Exercise directions: Copy the lines below exactly, starting at the one with "This paper calculates" and ending at the one with "Что в номере", and leave out any picture.

[Stored entries]
● ● ●
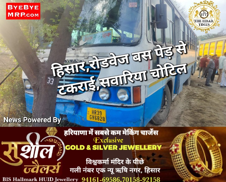 हिसार में तोशाम मार्ग पर सोमवार सुबह तोशाम से हिसार आ रही रोडवेज की बस अंसतुलित होकर पेड़ से जा टकराई। टक्कर लगने के कारण बस में सवार कुछ यात्रियों को मामूली चोटें आई और बस क्षतिग्रस्त हो गई। बस में सवार यात्रियों को दूसरी बस से अपने गंतव्य की तरफ भेजा गया।
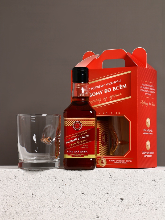 Набор «Первому во всём»: гель для душа виски 250 мл и стакан с пулей, Чистое счастье — Характеристики
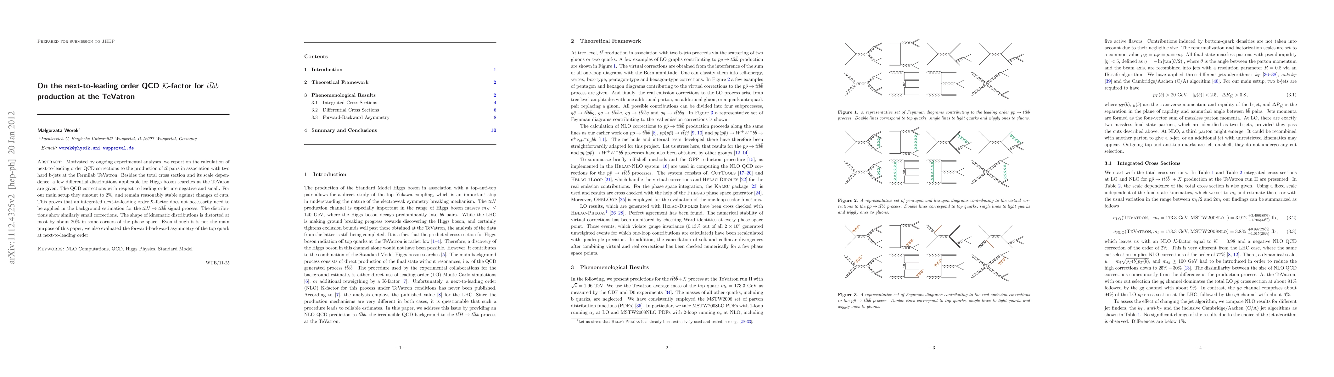 This paper calculates next-to-leading order QCD corrections for top anti-top pair production with two b-jets at the TeVatron, finding small negative corrections (around 2%) that remain stable against cuts. The study concludes that these corrections do not necessitate an integrated K-factor for background estimation in Higgs boson searches.
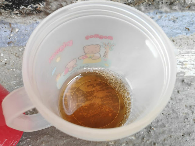 Joypolinse Propolis Mouthwash ini kemasannya berbentuk botol dengan tutup ulir. Isinya berbentuk cairan berwarna coklat seperti air the yang keruh. Kalau botolnya kita buka dan cium, baunya agak menyengat sebagaimana obat kumur pada umumnya.
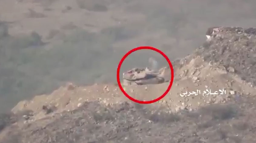 "#أنصار_الله" ينشرون مقطعا مصورا لإعطاب دبابة أبرامز سعودية
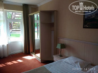 Что в номере - просторная кровать, столик с парой стульев, огроменный шкаф, ТВ с большой диагональю (каналов правда мало - все центральные), зеркало с бюро.
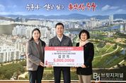 브릿지저널 윤나영 기자 | 울산 제93호 아너소사이어티 회원인 김문옥 씨가 1월 21일 오전 10시 30분 중구청 구청장실을 찾아 울산사회복지공동모금회를 통해 이웃돕기 후원금 500만 원을 전달했다. 이번 전달식에는 김영길 중구청장과 김문옥 씨, 양호영 울산사회복지공동모금회 사무처장 등 3명이 참석했다. 해당 후원금은 지역 내 저소득 가정 25세대에 각 20만 원씩 전달될 예정이다. 한편, 김문옥 씨는 사회복지공동모금회 고액 기부자 모임인 아너소사이어티 회원으로서 어려운 이웃을 위한 나눔을 지속적으로 펼치고 있다. 김문옥 씨는 “그동안 지역사회로부터 받은 사랑을 다시 나누고 싶었다”며 “힘든 시간을 보내고 있는 이웃들에게 조금이나마 보탬이 되길 바란다”고 말했다. 김영길 중구청장은 “지역사회를 위해 의미 있는 나눔을 실천해 주셔서 감사드린다”며 “따뜻한 마음을 담아 도움이 필요한 분들에게 후원금을 잘 전달하겠다”고 밝혔다.
● ● ●
Task response:
 This paper calculates next-to-leading order QCD corrections for top anti-top pair production with two b-jets at the TeVatron, finding small negative corrections (around 2%) that remain stable against cuts. The study concludes that these corrections do not necessitate an integrated K-factor for background estimation in Higgs boson searches.
 Joypolinse Propolis Mouthwash ini kemasannya berbentuk botol dengan tutup ulir. Isinya berbentuk cairan berwarna coklat seperti air the yang keruh. Kalau botolnya kita buka dan cium, baunya agak menyengat sebagaimana obat kumur pada umumnya.
 "#أنصار_الله" ينشرون مقطعا مصورا لإعطاب دبابة أبرامز سعودية
 Что в номере - просторная кровать, столик с парой стульев, огроменный шкаф, ТВ с большой диагональю (каналов правда мало - все центральные), зеркало с бюро.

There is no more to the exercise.